Mentors and community built her resilience to this doubt over time, and her small cohort of fellow Cornell National Scholars helped build her confidence as she found her home at Cornell Human Ecology. Then, she found Elliot.

“Meeting my eventual husband my junior year was transformative. We just knew being at Cornell together was the time of our lives—we loved every bit of it together.”

Creating ripples

After graduation, she pursued a career in medicine. Her residency at NewYork-Presbyterian/Weill Cornell Medical Center in Manhattan made her realize how special her mother’s care had been.

“Our situation was not like the rest of the world,” she explains. “People were connecting with us and trying to understand my mom’s culture. They understood she had health literacy issues and really met her where she was. But in my training, I learned that there were people who could navigate the system and had resources, and then there was everyone else, and that usually everyone else had terrible health outcomes.”

This awareness, paired with a humanist perspective and the knowledge she built as a Human Biology, Health, and Society major, made her think more critically about inequities and social determinants of health. This proved critical when she was made the architect of a new curriculum at a new medical school that opened in the mid-2010s and became fully independent by the end of the decade.

She says the curriculum she helped design and continues to lead aligns with the core teachings she experienced at Cornell Human Ecology, and that’s not by accident. She is also acutely aware that this work touches lives far beyond the students who learn from it.

“We say this all the time at our school: Think not only about all the medical students we teach. Think about how they’ll become doctors who train residents and medical students. Think about all of those people they are going to care for—hundreds and thousands of patients.”

The curriculum makes the community the classroom, allowing students to access individuals and families from underserved areas. “I feel very fortunate to be a vehicle to help drive this impact,” she adds.

She and her husband are also making a lasting difference in the lives of undergraduate students at Cornell. In 2024, they established an endowed scholarship in honor of her mother that will provide financial assistance to Cornell Human Ecology students.

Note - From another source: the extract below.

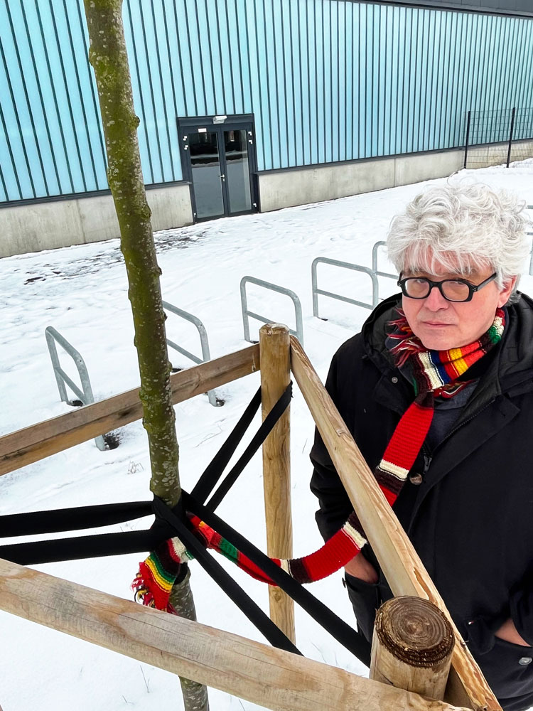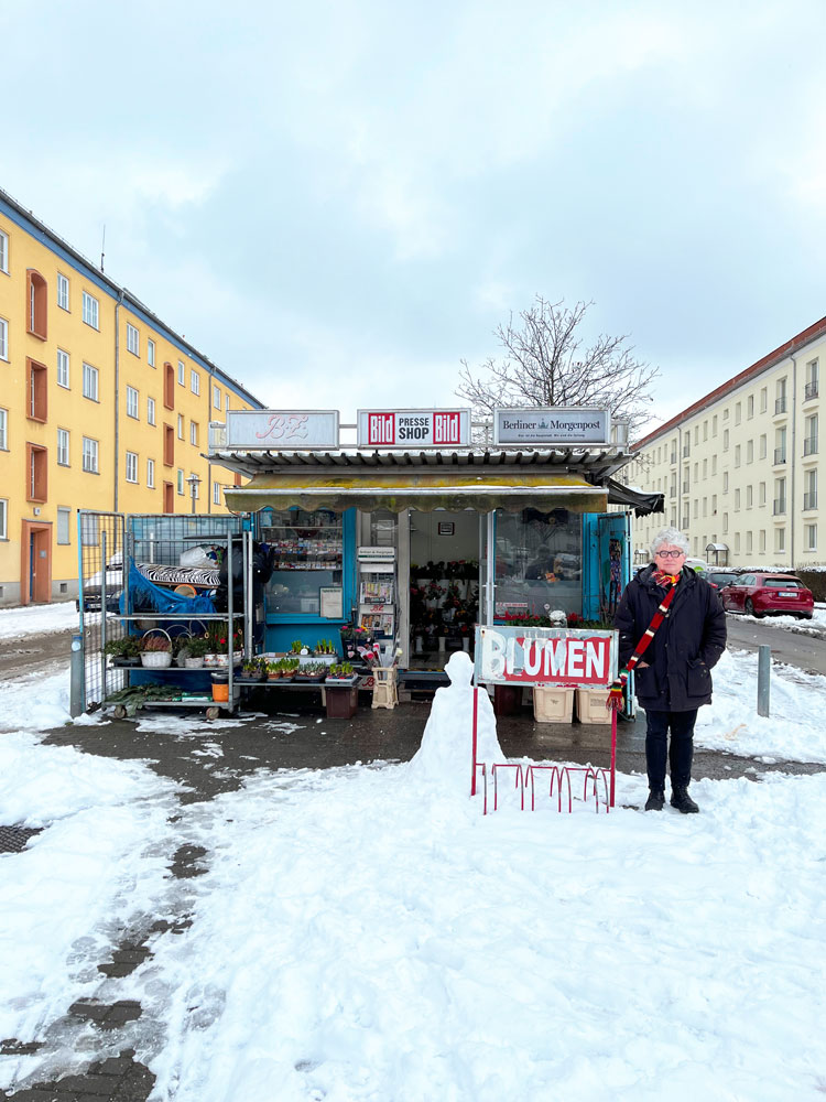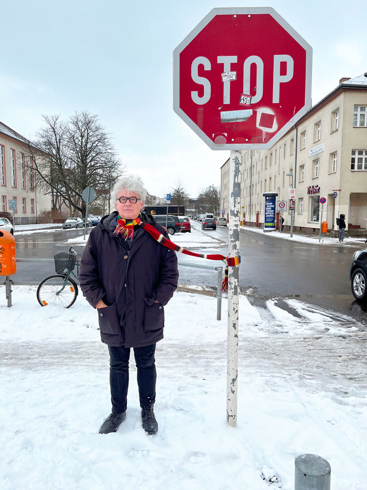 Mein Freund Uwe, Kurator der Lichtenberg Studios, findet meinen Strickschal scheußlich. O-Ton: „Ich würde niemals so rumlaufen. Aber selbst wenn ich auf die Idee käme – meine Freundin würde sich schlichtweg weigern, mit mir auszugehen.“ Das brachte mich auf die Idee zu LICHTENBERG-CONNECTED: Mittels Schal gehe ich eine innige Verbindung mit ausgewählten Objekten im Berliner Bezirk Lichtenberg ein. Es sind Brückenschläge, die mich mit dem urbanen Environment im wahrsten Sinne des Wortes verknüpfen. Das Projekt bildet den Abschluss meiner Residency in den Studios. Meine Intention ist es, Uwe und der Welt vor Augen zu führen, wie gut mir und Lichtenberg der Schal zu Gesicht steht. Voila!

“Since my mom passed away, my work as a physician holds deeper meaning,” she says. “It feels like a way to carry forward her legacy—the strength she showed, the sacrifices she made, and her deep belief in the power of education. It’s pretty incredible when you think about everything my family has been through to make this gift possible.”

“Cornell was transformative for the both of us and our lives,” adds her husband. The couple shares that Cornell not only made their family what it is today but that their education opened doors to the success they’ve experienced in their professional lives.

“I don’t think there is any dollar amount that can repay what Cornell has done for my life or the trajectory of my family,” she says.